What you should end up with is an exact copy of the lines from the one holding "8 ноября прошло" through the last line of the entries below, both included, and nothing else; leave every picture out.

Start of Block

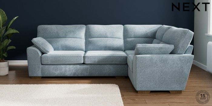 7.2.10 Buy Stamford Highback Large Corner Sofa - Right Hand Plush Chenille Light Blue Large Square Angle - Mid from the Seasons online shop Click here to use our website with more accessibility support, for example screen readers
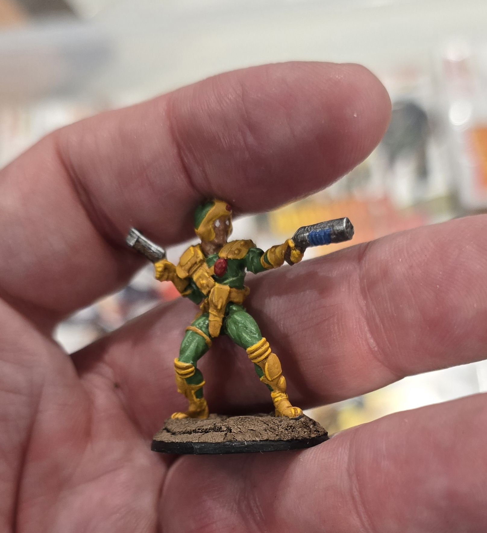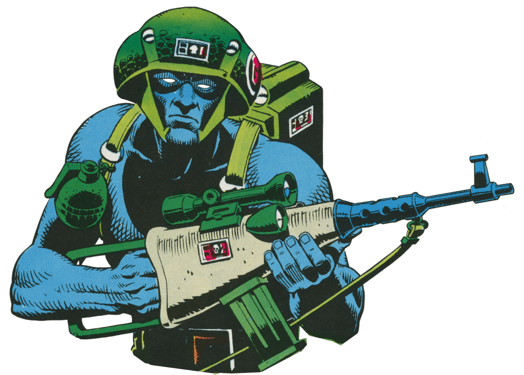 Rogue Trooper is the story of the lone survivor of a betrayed platoon seeking vengeance, with the personalities of his comrades uploaded into his gun, backpack and helmet for company. As military sci fi it would have made a natural wargame, and especially a cool painting project.
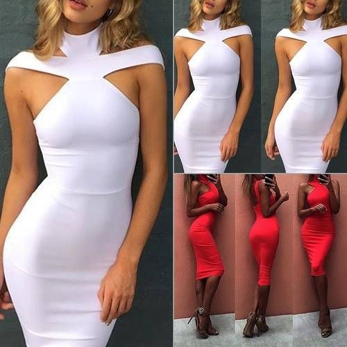 Acheter Les Femmes Dete Sans Manches Bandage Moulante Soiree Cocktail Courte Mini Robe Blackred Couleur Blanc Polyester Vetements Sexy De 30 28 Du Aliceyan1109 Dhgate Com
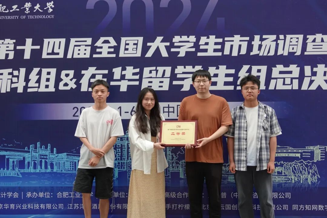 本网讯(统计学院 供稿)2024年6月2日,“正大杯”第十四届全国大学生市场调查与分析大赛 (本科组&在华留学生组)全国总决赛在合肥工业大学顺利落下帷幕,Beat365参赛队伍荣获国家一等奖2项、二等奖2项,并被全国组委会授予最佳院校组织奖。
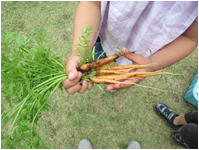 ・やっと収穫!心待ちにしていた自分たちで育てた野菜の味は、想像と違っていたかもしれません。「美味しい!」「からーい」「もう食べられない・・・」「おかわりちょうだい!」でも、自分たちで育て収穫した野菜の味はきっと子ども達にとってひとつの経験になったと思います。
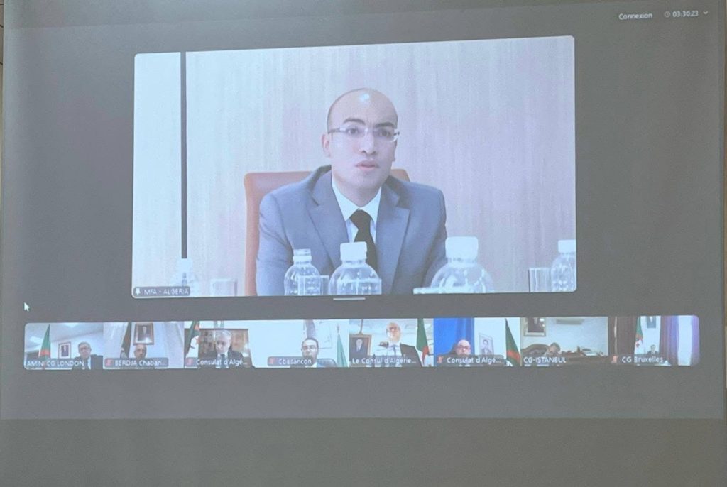 Le secrétaire d’Etat auprès du ministre des Affaires étrangères, chargé de la Communauté nationale à l’étranger, M. Sofiane Chaib, a tenu une réunion de coordination et d’orientation, par visioconférence, avec les chefs des postes consulaires en Europe et en Amérique, a indiqué mardi un communiqué du ministère des Affaires étrangères, de la Communauté nationale à l’étranger et des Affaires africaines. Cette rencontre, qui s’inscrit dans le cadre de la poursuite des réunions périodiques avec les chefs des postes consulaires à l’étranger, a été consacrée à « l’évaluation de l’avancement des préparatifs en cours, en vue d’assurer le retour au pays, des membres de la communauté nationale établie à l’étranger, à l’occasion de la saison estivale, dans les meilleures conditions », précise le communiqué. La réunion a permis, dans ce cadre, de « constater l’impact positif des mesures adoptées par les hautes autorités du pays au profit de nos concitoyens résidant à l’étranger, notamment celles relatives à la facilitation des procédures d’entrée au territoire national ». La rencontre a également été l’occasion d’évaluer « les efforts de notre réseau consulaire dans la mise en œuvre du plan d’action du ministère pour la modernisation et la numérisation du système consulaire, en vue d’offrir des prestations simplifiées, adaptées aux besoins de notre communauté à l’étranger, et garantissant des services administratifs de haute qualité », ajoute le communiqué. A cet égard, des instructions et des directives ont été données pour améliorer, en continu, la qualité des services consulaires fournis, en veillant à rester en contact permanent avec nos ressortissants et à renforcer leur attache à la mère patrie ».
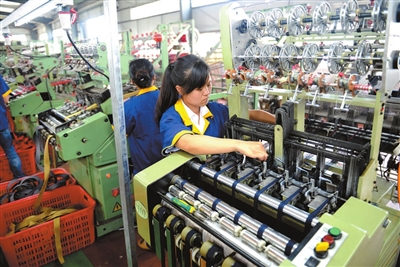 6月25日,武汉(嘉鱼)金亮织带有限公司员工在赶制生产销往欧美市场的产品。该公司主要生产服饰所需的各类织带,产品远销欧洲、美国等国外市场,年产织带7000万米,产值5000万元。
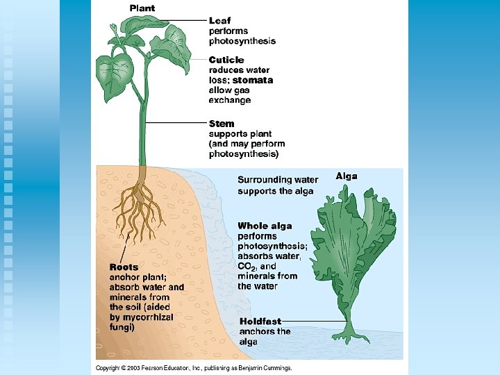 Some differences: n Green algae needs water constantly for photosynthesis & reproduction n Have no structures to prevent drying out What characteristics allow land plants to over come these obstacles?
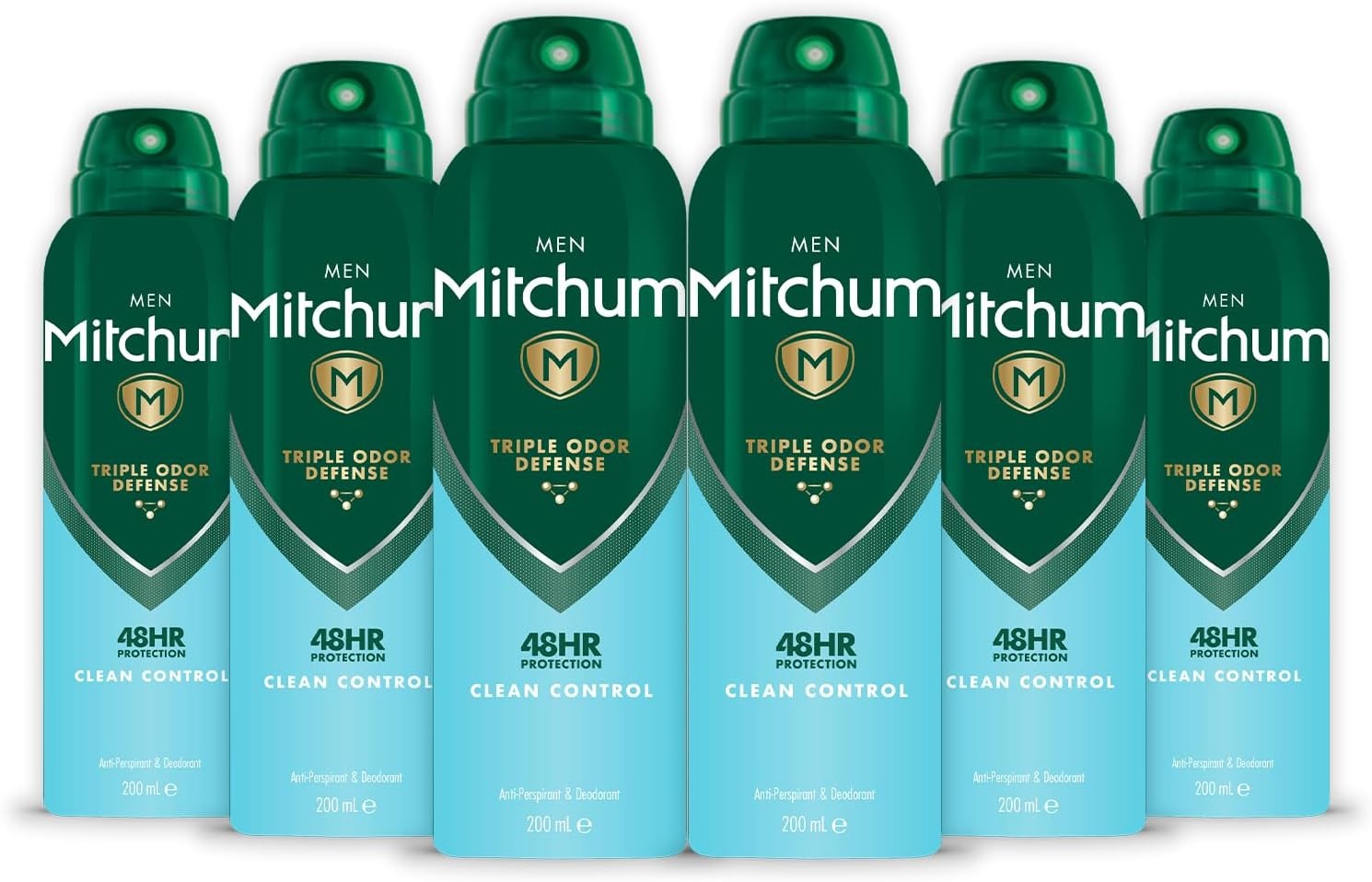 Mitchum Men Triple Odor Defense 48HR Protection Deodorant Spray and Antiperspirant (200ml) Clean Control, Dermatologist Tested (Pack of 6)
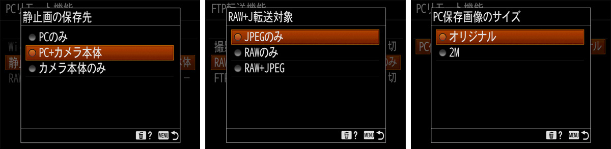 「Remote Camera Tool」「Imaging Edge」ともに、撮影環境に応じて、静止画の保存先を「PCのみ」「PC+カメラ本体」「カメラ本体のみ」から選択できます。また、高速転送を実現するために、RAW+JPEG撮影時にPC側へJPEGファイルのみ転送する設定が可能。PCへの保存画像サイズは、オリジナル画質と2Mサイズ(JPEG)から選択できます。
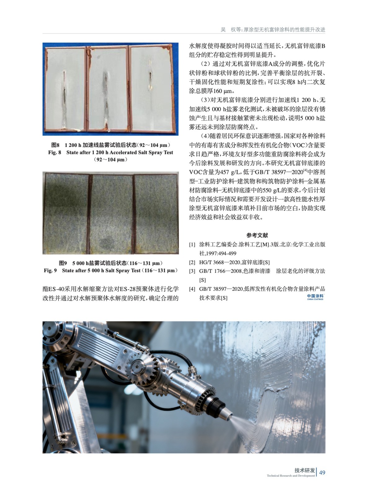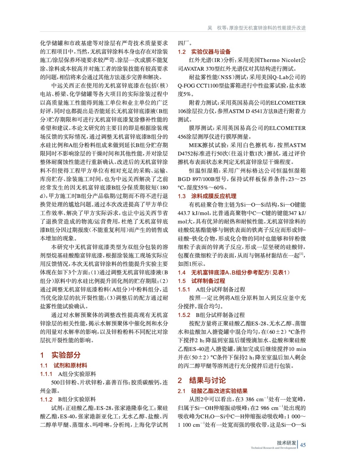 摘要:主要研究無機富鋅涂料的性能提升,探索制備具有耐腐蝕性強、厚涂不開裂和貯存穩定性好并在一定條件下可復涂同種涂料的高性能無機富鋅底漆。采用多種實驗測試方法對研制的無機富鋅涂層性能進行分析檢測,最終得到滿足各大項目現場實際需求的、各項性能優異的無機富鋅產品。
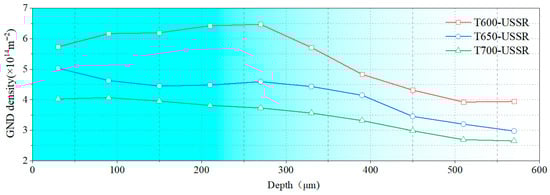 To quantify the gradient nanostructure, the EBSD data are divided into sub-regions by depth, and the GND density is calculated from KAM value. As shown in Figure 15, the GND density of all three samples demonstrates a gradient distribution. This confirms that USSR generates a defect-free gradient nanostructured surface layer, where gradients in grain size and dislocation density accommodate the plastic strain. In comparison, a higher tempering temperature results in a finer grain size and a higher GND density in the surface layer. This inverse relationship suggests that the efficacy of the USSR processing in refining the microstructure diminishes with an increase in the tempering temperature.
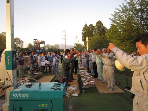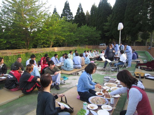 さて、その夕方から社員全員と協力会社、関連会社の方々を含め50人近い参加者で賑やかに花見の宴会が展望公園で行われました。
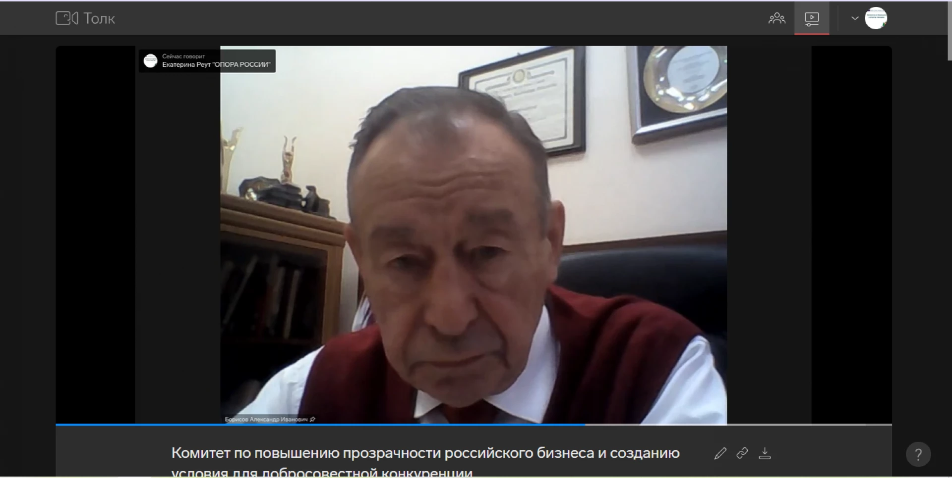 8 ноября прошло очередное заседание Комитета «ОПОРЫ РОССИИ» по повышению прозрачности российского бизнеса и созданию условий для добросовестной конкуренции. В мероприятии приняли участие представители из ТПП РФ, Российского общества оценщиков, Ассоциации пекарей и кондитеров. Также участниками стали Первый вице-президент «ОПОРЫ РОССИИ» Марина Блудян и Исполнительный директор бизнес-объединения Андрей Шубин.
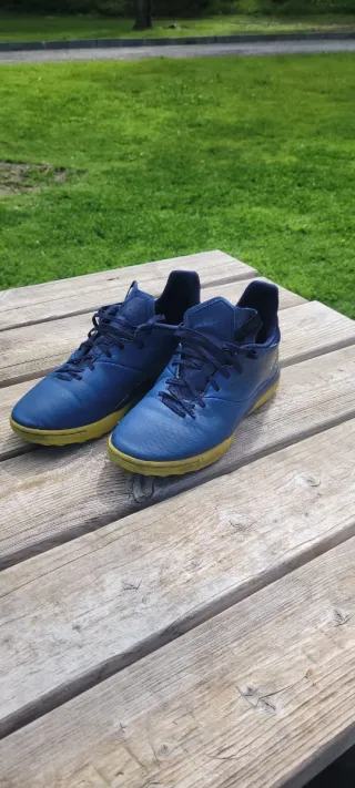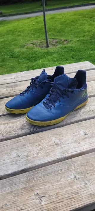 Botas de fútbol para niño en color azul y amarillo. Perfectas para jugar en césped artificial o natural. - Cierre con cordones. - Diseño deportivo. - Suela con tacos.talla 32
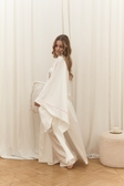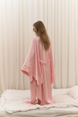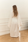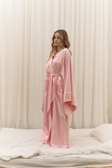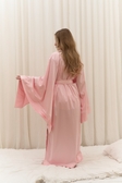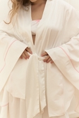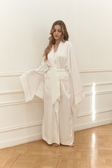 Ніжне кімоно з кантом у довжині максі, вільного фасону. Широкі рукави з розрізами та оздоблені кантом. Кишені оздоблені кантом. По боках кімоно має високі розрізи. Широкий пояс йде у комплекті. Представлено в єдиному розмірі, підійде на обхват до 106 см. Довжина 140 см
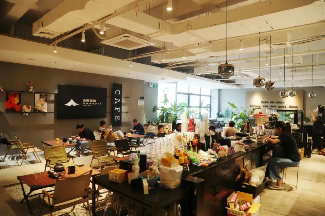 赛场外,毗邻着“山海营地”主题咖啡厅,其开阔的大露台,为赛场与都市之间开辟了一处呼吸之所。咖啡厅内暖光洒落,原木与水泥元素构筑出简洁温暖的基调,吧台传出研磨与萃取的低语,空气中弥漫着咖啡豆的醇香。
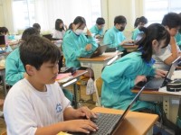 1年1組の保健体育の時間です。今日は教職員研修センターのアドバイザーの先生がお見えになり、授業の様子を参観してくださいました。新体力テストの結果入力を行い、安全にマット運動を行うために必要な注意事項の確認を行いました。
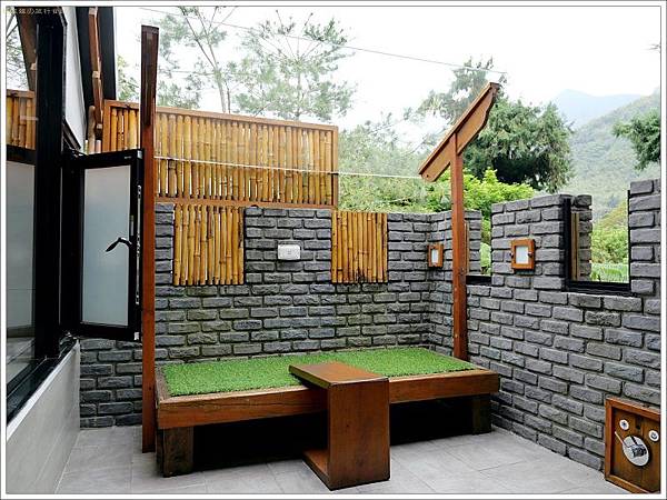 露台上除了浴池外,還有長椅可以坐,堆砌的石牆,讓自己覺得住在城堡裡,像個國王或公主。
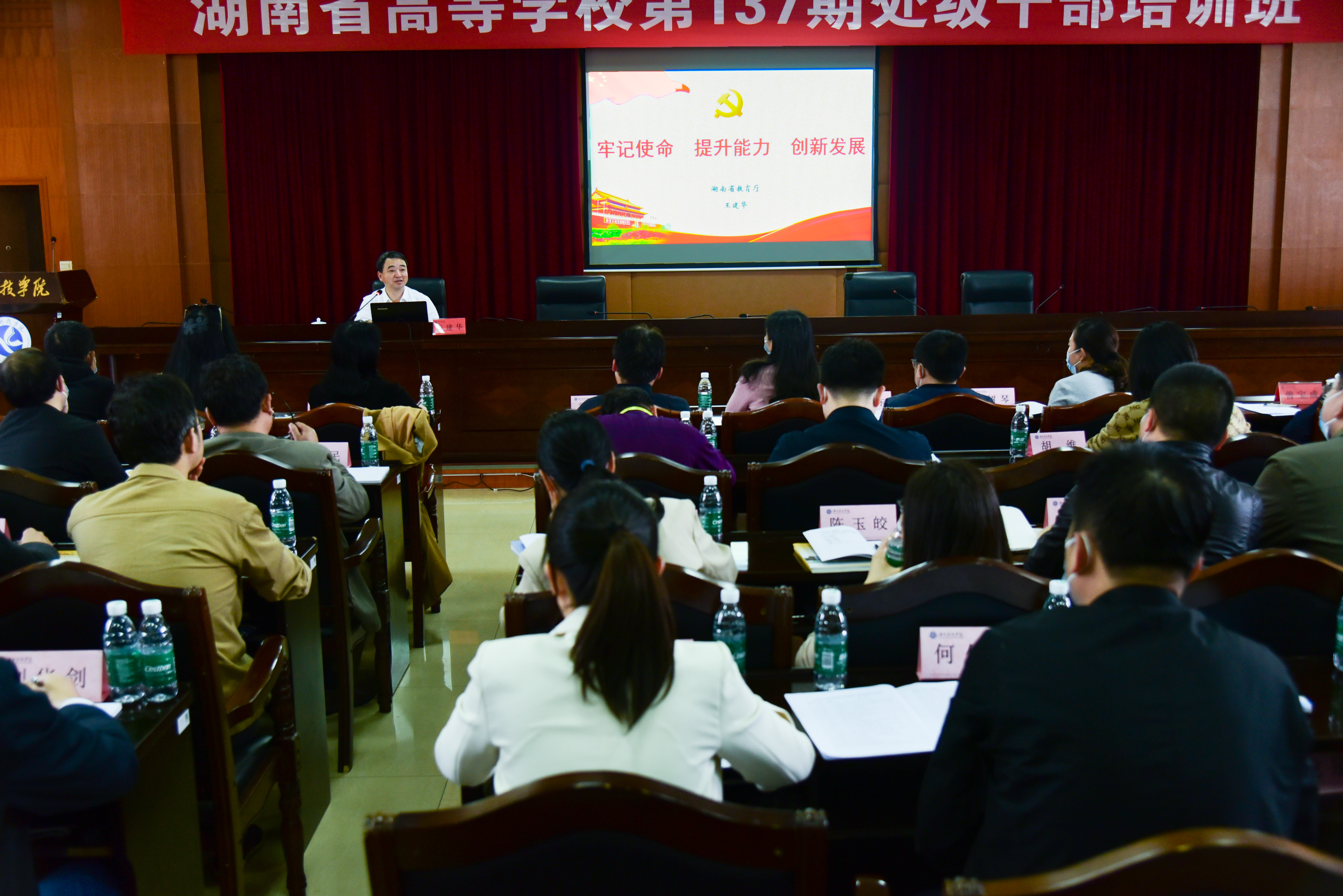 本网讯 (记者 敖露 )为加强今年会处级干部政治理论培训、夯实理论基础、增强党性修养,5月13日下午,湖南省高等学校第137期处级干部培训班开班仪式在行政楼举行。省委教育工委副书记、省教育厅党组成员、省委教育工委党校校长王建华,省委教育工委党校常务副校长、省高校干部培训中心书记、主任刘国华,校党委书记曾宝成,党委副书记宋宏福出席本次仪式。开班仪式由宋宏福主持。

End of Block

■ Exercise answer ■
 8 ноября прошло очередное заседание Комитета «ОПОРЫ РОССИИ» по повышению прозрачности российского бизнеса и созданию условий для добросовестной конкуренции. В мероприятии приняли участие представители из ТПП РФ, Российского общества оценщиков, Ассоциации пекарей и кондитеров. Также участниками стали Первый вице-президент «ОПОРЫ РОССИИ» Марина Блудян и Исполнительный директор бизнес-объединения Андрей Шубин.
 Botas de fútbol para niño en color azul y amarillo. Perfectas para jugar en césped artificial o natural. - Cierre con cordones. - Diseño deportivo. - Suela con tacos.talla 32
 Ніжне кімоно з кантом у довжині максі, вільного фасону. Широкі рукави з розрізами та оздоблені кантом. Кишені оздоблені кантом. По боках кімоно має високі розрізи. Широкий пояс йде у комплекті. Представлено в єдиному розмірі, підійде на обхват до 106 см. Довжина 140 см
 赛场外,毗邻着“山海营地”主题咖啡厅,其开阔的大露台,为赛场与都市之间开辟了一处呼吸之所。咖啡厅内暖光洒落,原木与水泥元素构筑出简洁温暖的基调,吧台传出研磨与萃取的低语,空气中弥漫着咖啡豆的醇香。
 1年1組の保健体育の時間です。今日は教職員研修センターのアドバイザーの先生がお見えになり、授業の様子を参観してくださいました。新体力テストの結果入力を行い、安全にマット運動を行うために必要な注意事項の確認を行いました。
 露台上除了浴池外,還有長椅可以坐,堆砌的石牆,讓自己覺得住在城堡裡,像個國王或公主。
 本网讯 (记者 敖露 )为加强今年会处级干部政治理论培训、夯实理论基础、增强党性修养,5月13日下午,湖南省高等学校第137期处级干部培训班开班仪式在行政楼举行。省委教育工委副书记、省教育厅党组成员、省委教育工委党校校长王建华,省委教育工委党校常务副校长、省高校干部培训中心书记、主任刘国华,校党委书记曾宝成,党委副书记宋宏福出席本次仪式。开班仪式由宋宏福主持。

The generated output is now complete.